I must admit that personally I have always been a bit dim on Carlos Slim (though I have an uncle who had dinner with him once, which ideally might mean Mr. Slim should in good cheer give Undismayed a nice year-end bonus or something, but sadly if predictably yields nothing)
What little else I know I have gleaned from the always enticing elucidation over at Burro Hall (which I am chagrined to find is now on strike...)
So, this article on Slim, placing him in the context of other Third World titans and conglomerates was interesting and worth a read. (Perhaps I should have posted it a Burro Hall, but I fear not being sufficiently funny at this late hour.)
Foreign Policy: How Slim Got Huge
For Bill Gates to control a share of the U.S. telephone market similar to Slim’s reach in Mexico, Gates would have to own AT&T, MCI, Quest, Sprint, and Verizon—and even then, Gates would still only have less than 80 percent market share, well short of Telmex’s 92 percent. To match Slim’s overall market presence in Mexico, Gates would probably also have to own Alcoa, Phillip Morris, Sears, Best Buy, TGIFriday’s, Dunkin’ Donuts, Marriott, Citibank, and JetBlue.
...China, one of the world’s fastest-growing economies, is run by an authoritarian, largely unaccountable regime that seems likely to provide ever more lucrative opportunities going forward for “partnerships,” official and unofficial, between government and private enterprise.
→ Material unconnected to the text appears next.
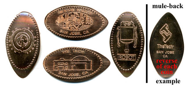 Retired 1: Backs 'The Tech San Jose, CA'. Designs are: 1) Robot, 2) 'Go Global, Go Green', 3) 'Silicone Valley San Jose, CA', 4) 'The Tech San Jose, CA'.
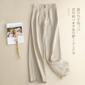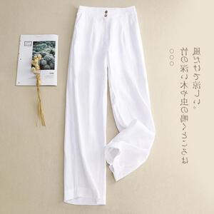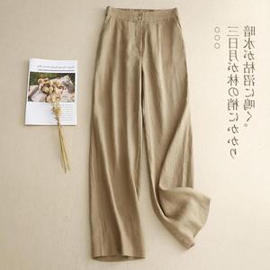 实拍 亚麻阔腿裤女 休闲裤秋季直筒裤女显瘦百搭女裤麻料裤子女

Meanwhile, it is unclear whether societies will tolerate an eternally expanding gap between rich and poor. Public anger over the concentration of wealth could eventually lead to increased trade protectionism, barriers to foreign investment, more direct state control over key industries, or something altogether more dramatic. Whatever the outcome, it’s possible that the Carlos Slims of the world could lead to one of the first great ideological battles of the 21st century.